Gokul Lal Asava was an Indian politician, independence activist, and professor of Philosophy. A member of the Indian National Congress, he briefly served as the first prime minister of the United State of Rajasthan (Note: The title prime minister was historically used for the heads of government of several princely states and newly formed state unions during the political integration of India before the office of chief minister became the standard designation under the constitution of India.) in 1948.

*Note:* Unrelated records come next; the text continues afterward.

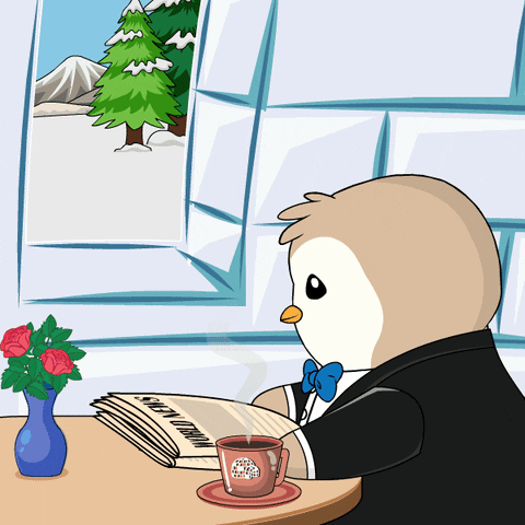 A dapper penguin in a suit reads a newspaper with coffee and roses, overlooking a snowy scene.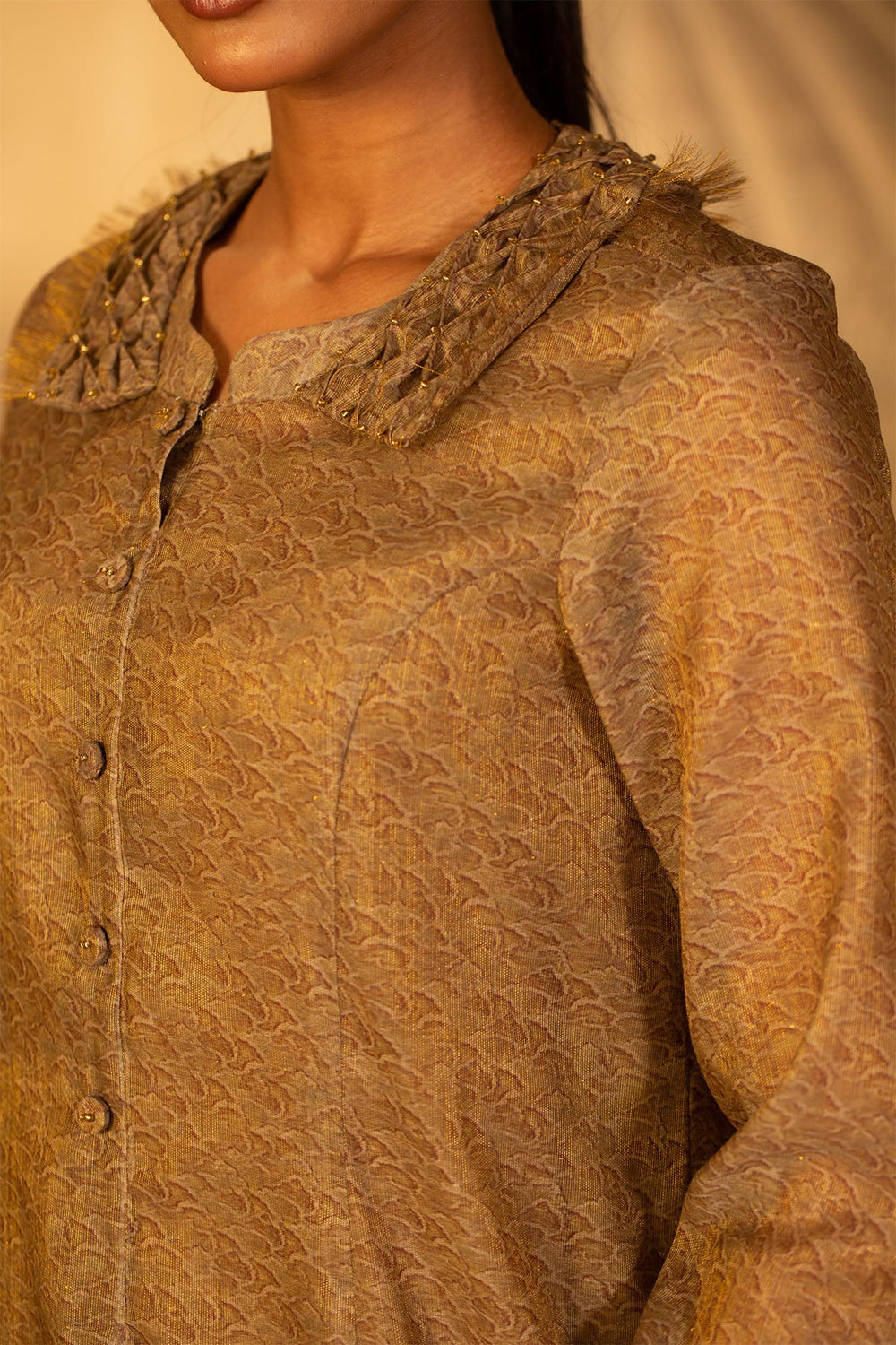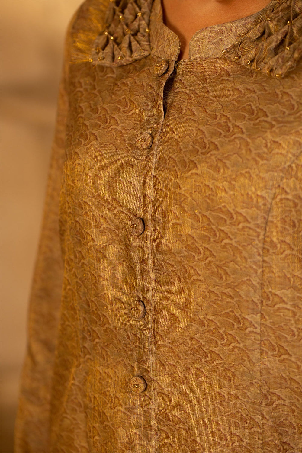 2Pc Printed & Embellished Nap Shimmer Shirt Paired With Dyed Georgette Camisole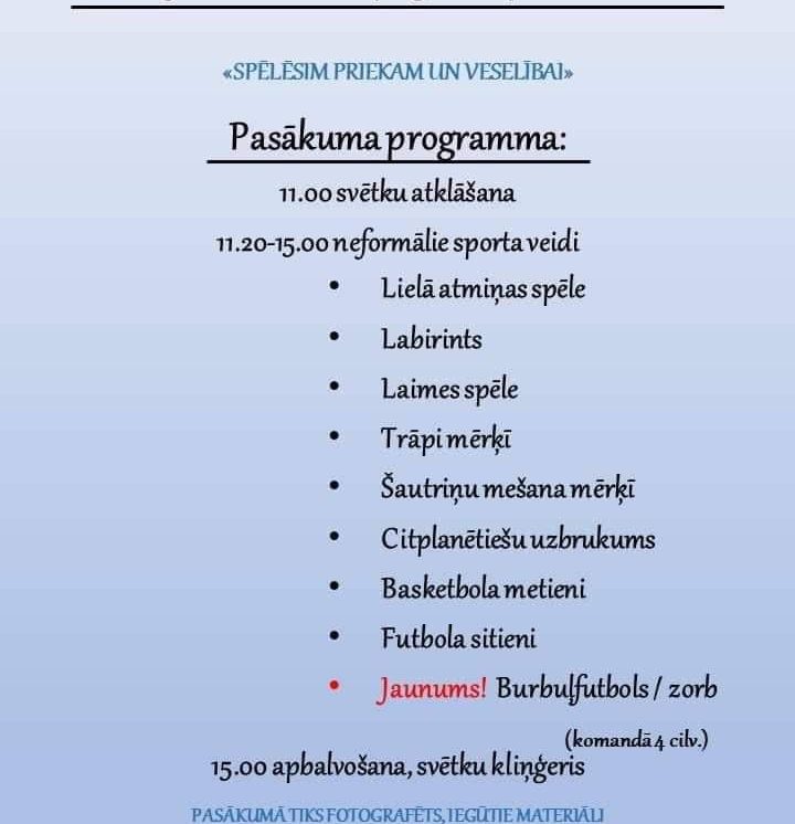 Dalībnieku vecums nav ierobežots (aicinām gan mazos, gan lielos).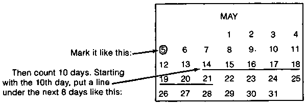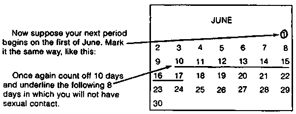 This method is not very sure to prevent pregnancy, but it has the advantage of not costing anything. It is more likely to work for a woman whose periods come very regularly, more or less once every 28 days. Also, the husband and wife must be willing to pass one week out of each month without having sex the regular way.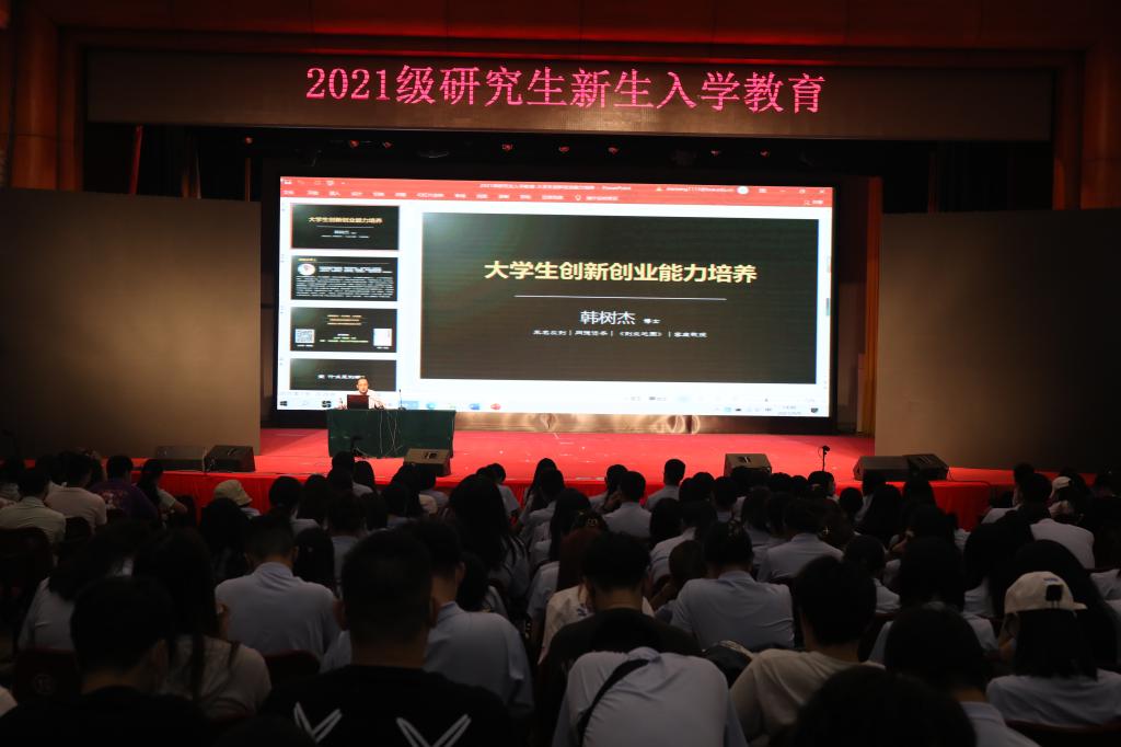 本届新生入学教育中,由创新创业学院邀请了知名商业顾问与创业导师、多项双创赛事评审专家韩树杰博士为同学们带来了《大学生创新创业能力培养》专题讲座。本科生的专题讲座采取了线上录播方式,研究生讲座于9月9日在大礼堂开讲。
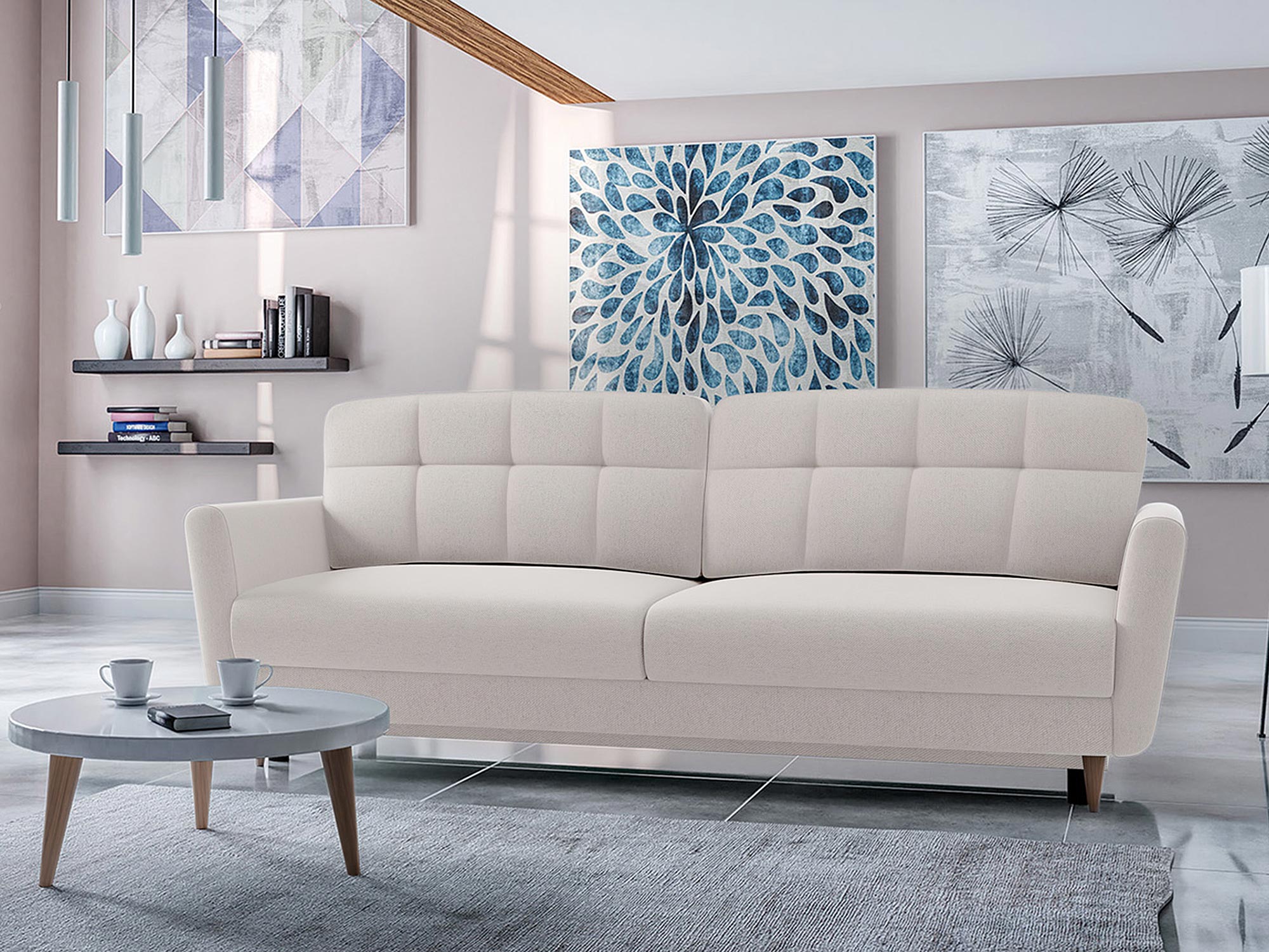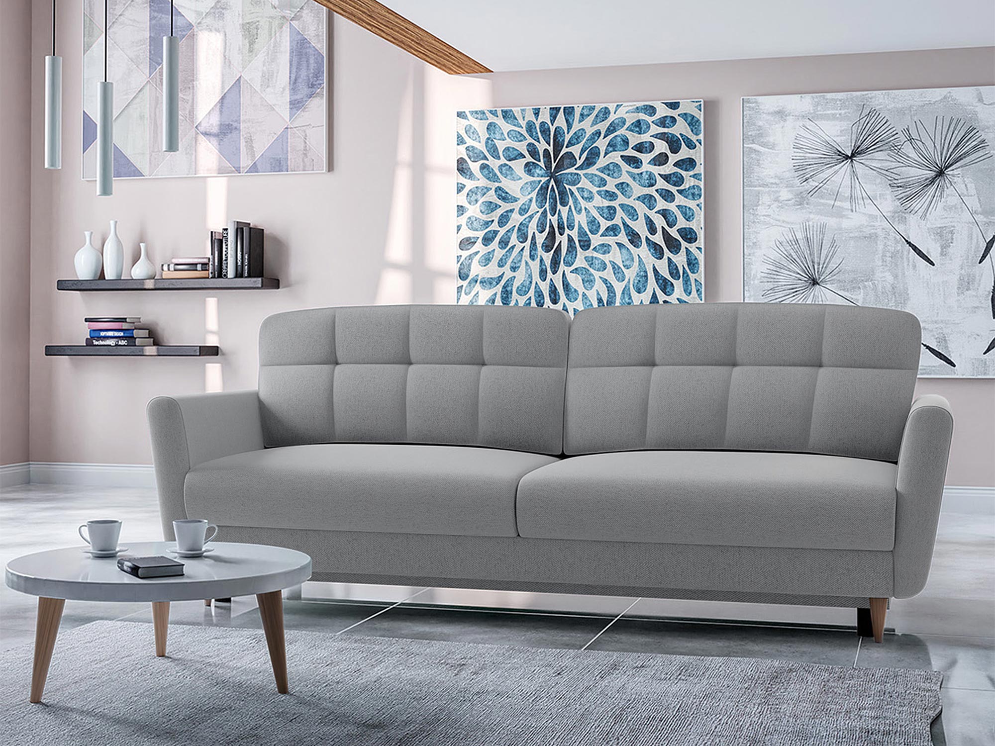 • Funkcja spania – powierzchnia spania o wymiarach 140×200 cm sprawia, że kanapa doskonale sprawdzi się jako łóżko dla gości.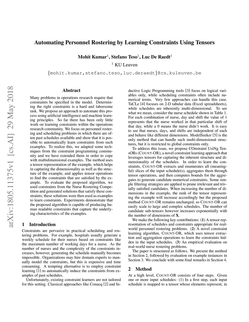Many problems in operations research require that constraints be specified in the model. Determining the right constraints is a hard and laborsome task. We propose an approach to automate this process using artificial intelligence and machine learning principles. So far there has been only little work on learning constraints within the operations research community. We focus on personnel rostering and scheduling problems in which there are often past schedules available and show that it is possible to automatically learn constraints from such examples. To realize this, we adapted some techniques from the constraint programming community and we have extended them in order to cope with multidimensional examples. The method uses a tensor representation of the example, which helps in capturing the dimensionality as well as the structure of the example, and applies tensor operations to find the constraints that are satisfied by the example. To evaluate the proposed algorithm, we used constraints from the Nurse Rostering Competition and generated solutions that satisfy these constraints; these solutions were then used as examples to learn constraints. Experiments demonstrate that the proposed algorithm is capable of producing human readable constraints that capture the underlying characteristics of the examples.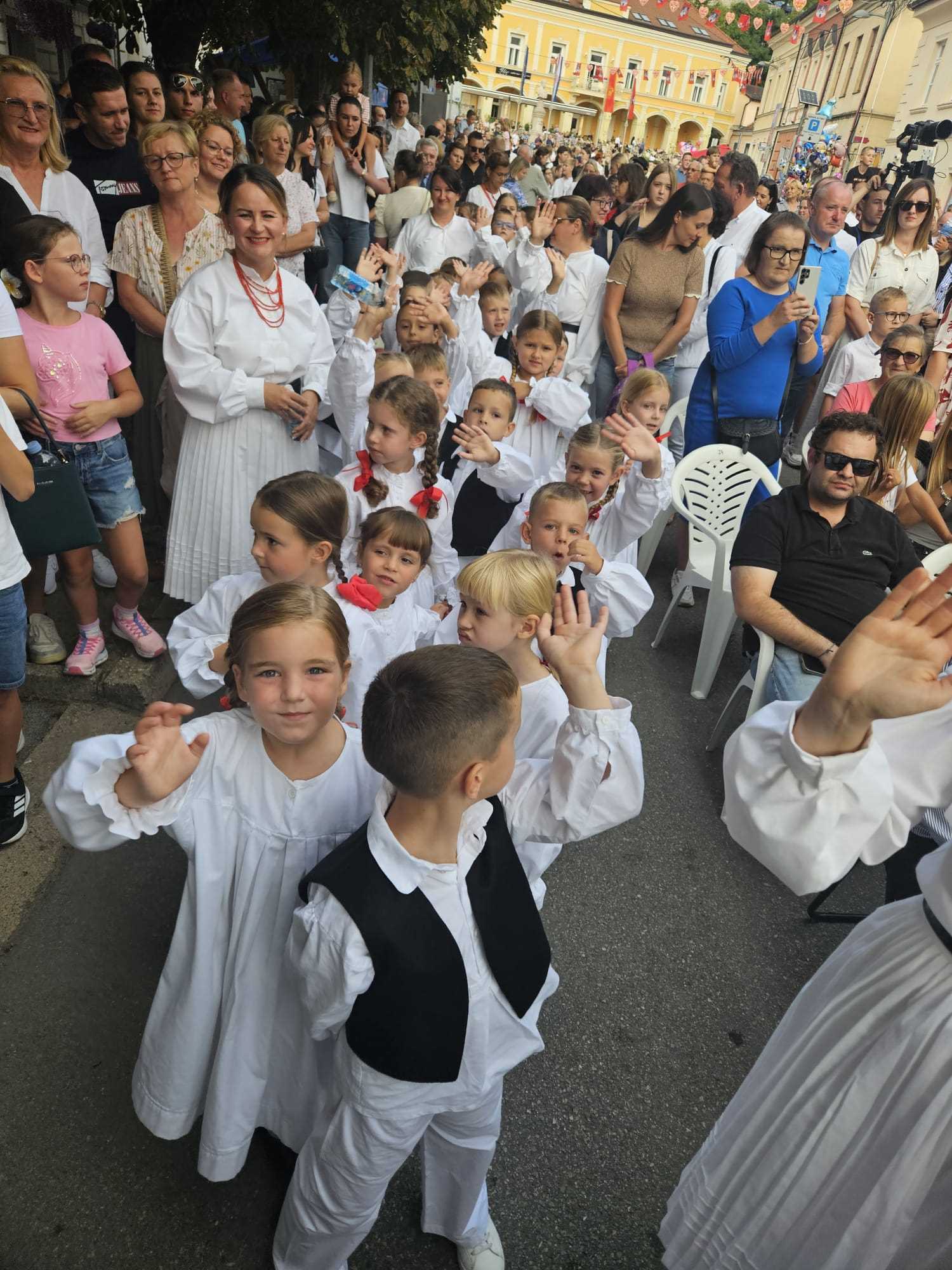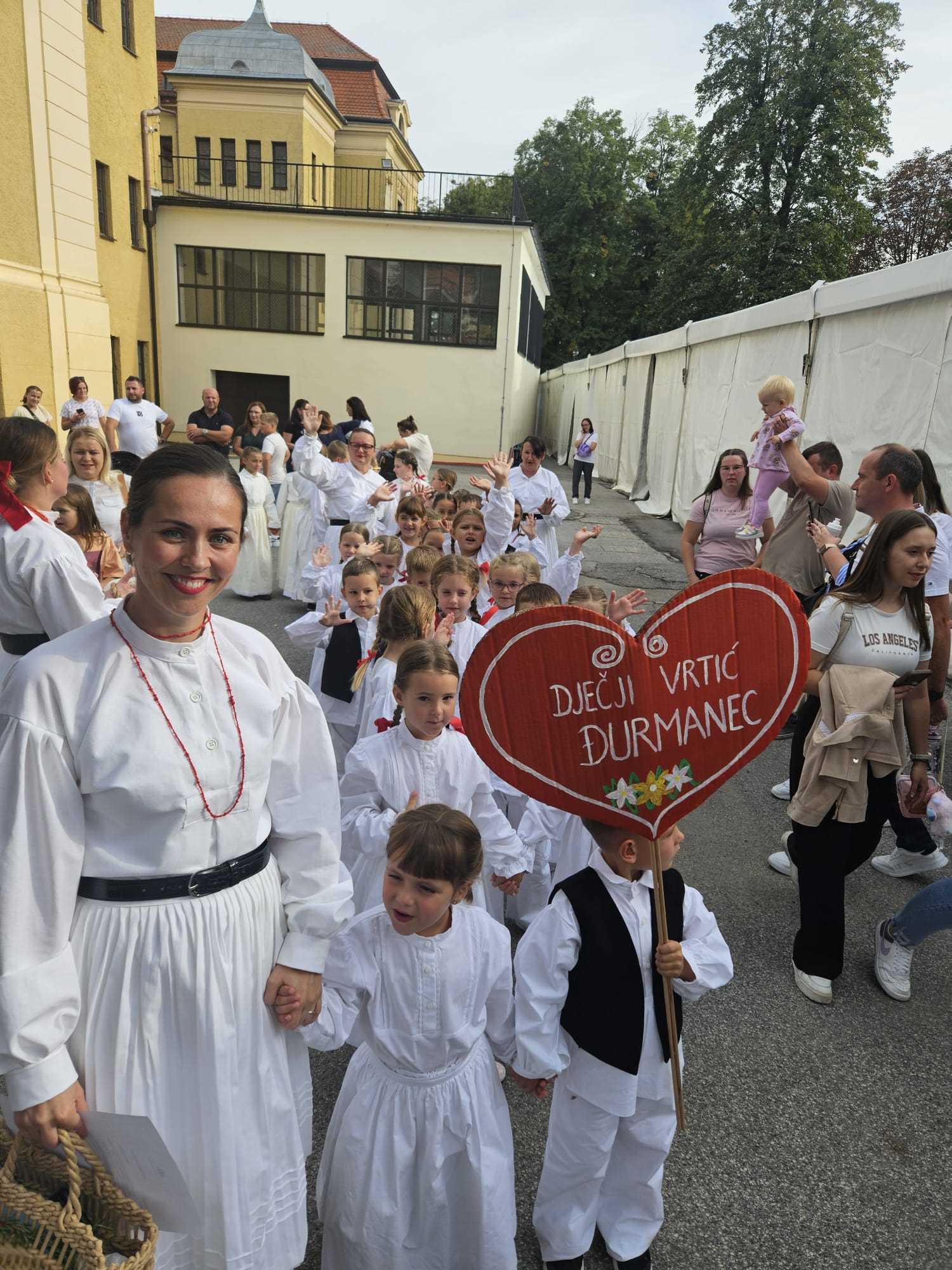 Odgojiteljice Iva i Dubravka te Ljiljana i Marija djecu su pripremale za nastup te su pritom zajednički uživali u istraživanju izgleda dječje nošnje – kiklje, lajbeca, škrljaka i rupca koji je krasio lica djevojčica i dječaka.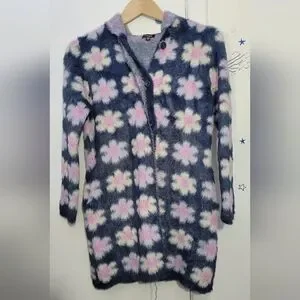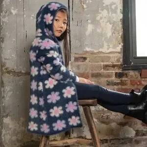 Luxurious, super-soft and cozy hooded statement sweater cardigan for girls. Combining an elegant all-over intarsia floral pattern with two convenient pockets and invisible buttons, it's the perfect accompaniment to any pair of pants or leggings. 100% Nylon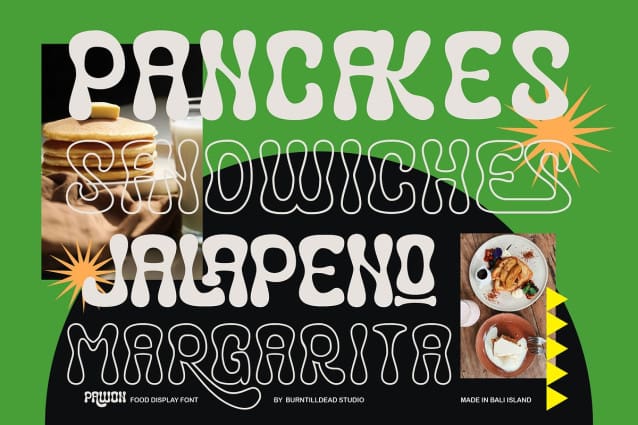 Pawon Display Font, a fresh, bold and playful food font, perfect for food branding, restaurant menus, food packaging, and culinary design projects. Its smooth, wavy letterforms bring a lively and inviting feel, making your design look delicious and eye-catching. Designed for food-related businesses, cafes, bakeries, and organic product branding, Pawon Display comes in three styles: Regular, Outline, and Oblique. Whether you’re creating a logo, menu, social media content, or food advertisements, Pawon adds a tasty and fresh touch to your designs.

== Early life and education ==
Asava was born on 2 October 1901 in Deoli, Rajasthan, British India. He received his early education in Shahpura, Bhilwara and Ajmer. He later attended Banaras Hindu University, where he obtained Bachelor of Arts and Master of Arts degrees. Before entering politics, he worked as a professor of philosophy at D.A.V. High School and later taught at Heyward College in Kota collectively from 1928 to 1929.

== Career ==
Asava participated in political movements in princely Rajasthan states during the Indian independence movement. He was associated with prajamandal movement advocating representative government in princely states. During the 1930s and 1940s, he was imprisoned on multiple occasions for role in the Salt March. He was also appointed as the president of the provincial Congress and a member of the All India Congress Committee (A.I.C.C.).

Following independence of India and the reorganization of princely states, Asava became the first prime minister of the Rajasthan Union on 25 March 1948 unit Jawaharlal Nehru, the 1st prime minister of India merged the United Rajasthan into a state on 18 April 1948. The union included several princely states in southeastern Rajasthan. After the formation of the state of Rajasthan in April 1948, he served as deputy prime minister under Manikya Lal Verma to 1949.

After the early 1950s, Asava gradually distanced from active politics. He died on 20 November 1981 in Jaipur, Rajasthan.

== Personal life ==
Asava was married to Kamaladevi. His death date is not widely documented.